I was silent because that was almost certainly one of the most insane things I've heard in a long time. Yes, by all means, let's risk the corruption of the git repo on the server because you didn't take time to think about what you were doing before you decided to commit it. Yeah, that's a good plan.

Better yet - let's make it part of the standard work-flow that you teach new developers. Yeah, that's a great idea. I just can't wait to start messing things up because I refuse to put forth the effort to think about what I'm doing prior to doing it.

In another meeting, one of the other developers felt that a Core Value of the new group should be that... and I quote: We all should have fun. Yeah... I don't even have to respond to this because unlink this developer, I understand the point of a public company, and that they really aren't in existence to make their employees happy - or make sure they have fun - they are in the business of making money.

I tried to say that fun is a great thing to have, but holding it up as the reason we're doing - and not doing - things is kinda crazy. That we don't have to have fun to get work done. It would be nice - but it's not necessary. Flew right over his head.

And the odd thing is that this is not a bad guy - well... I've heard he's a good guy, so I want to believe that my assessment of him to date is way off, but when he goes on about how I couldn't be more wrong... well... it's hard to give him the benefit of the doubt - or write it off to a miscommunication or something.

Nope, I'm in a group that doesn't seem to share a single value I have.
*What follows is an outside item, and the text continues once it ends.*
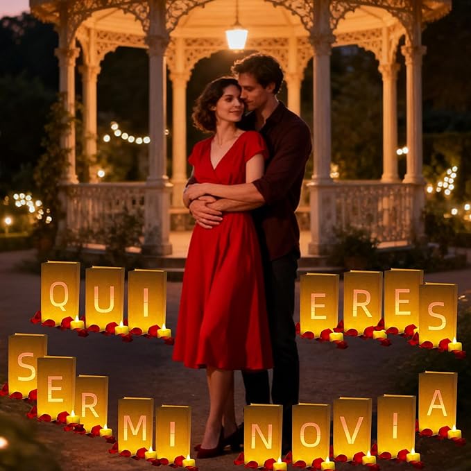 - Surprise Decoration: Make your confession truly unforgettable by incorporating these eye-catching "Quieres Ser Mi Novia" light-up letters. The combination of LED tea lights with other decorative elements will elevate the atmosphere, surprising and delighting your loved one and leaving a lasting impression.
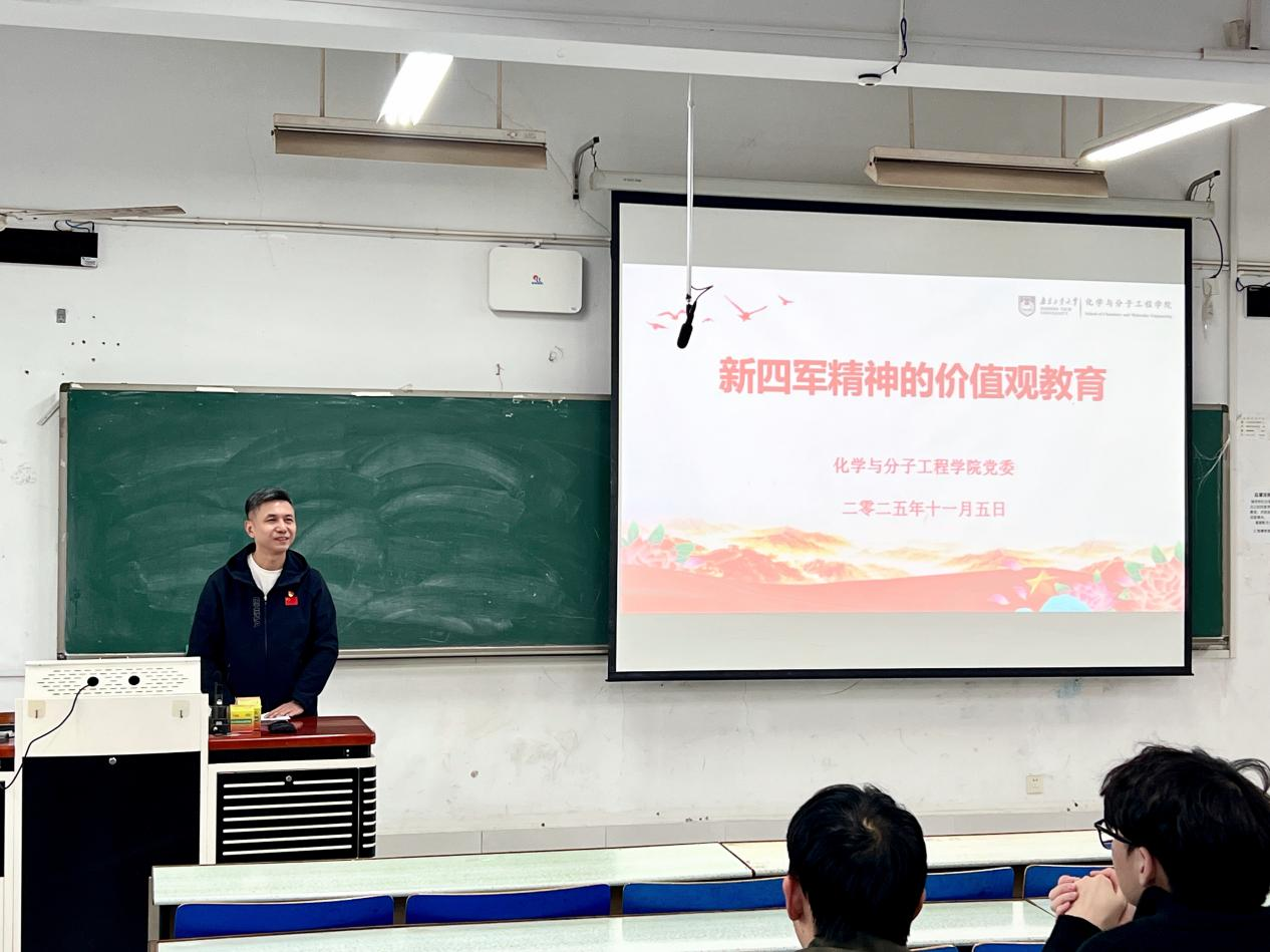 学院党委开展了化学青年、入党信仰、时代形势、新四军精神等系列价值观教育。此次讲座不仅加深了学院学生党员对新四军精神的理解,也进一步激发了大家继承和发扬革命传统的热情。化学学院全体学生党员认真聆听,积极互动,纷纷表示要将新四军的廉洁精神内化于心、外化于行,为成为一名优秀的共产党员而不懈奋斗。

They think it's acceptable risk to have git force push in their workflows, and they think that they have to have fun or they don't have to work. Wacky.

It's been hard to get things done, and if I took their lead, I wouldn't have done a thing - but thankfully, I didn't, and did a good chunk of work each day. In the end, I need off this group. I like the work, I just can't stand the management and co-workers any longer.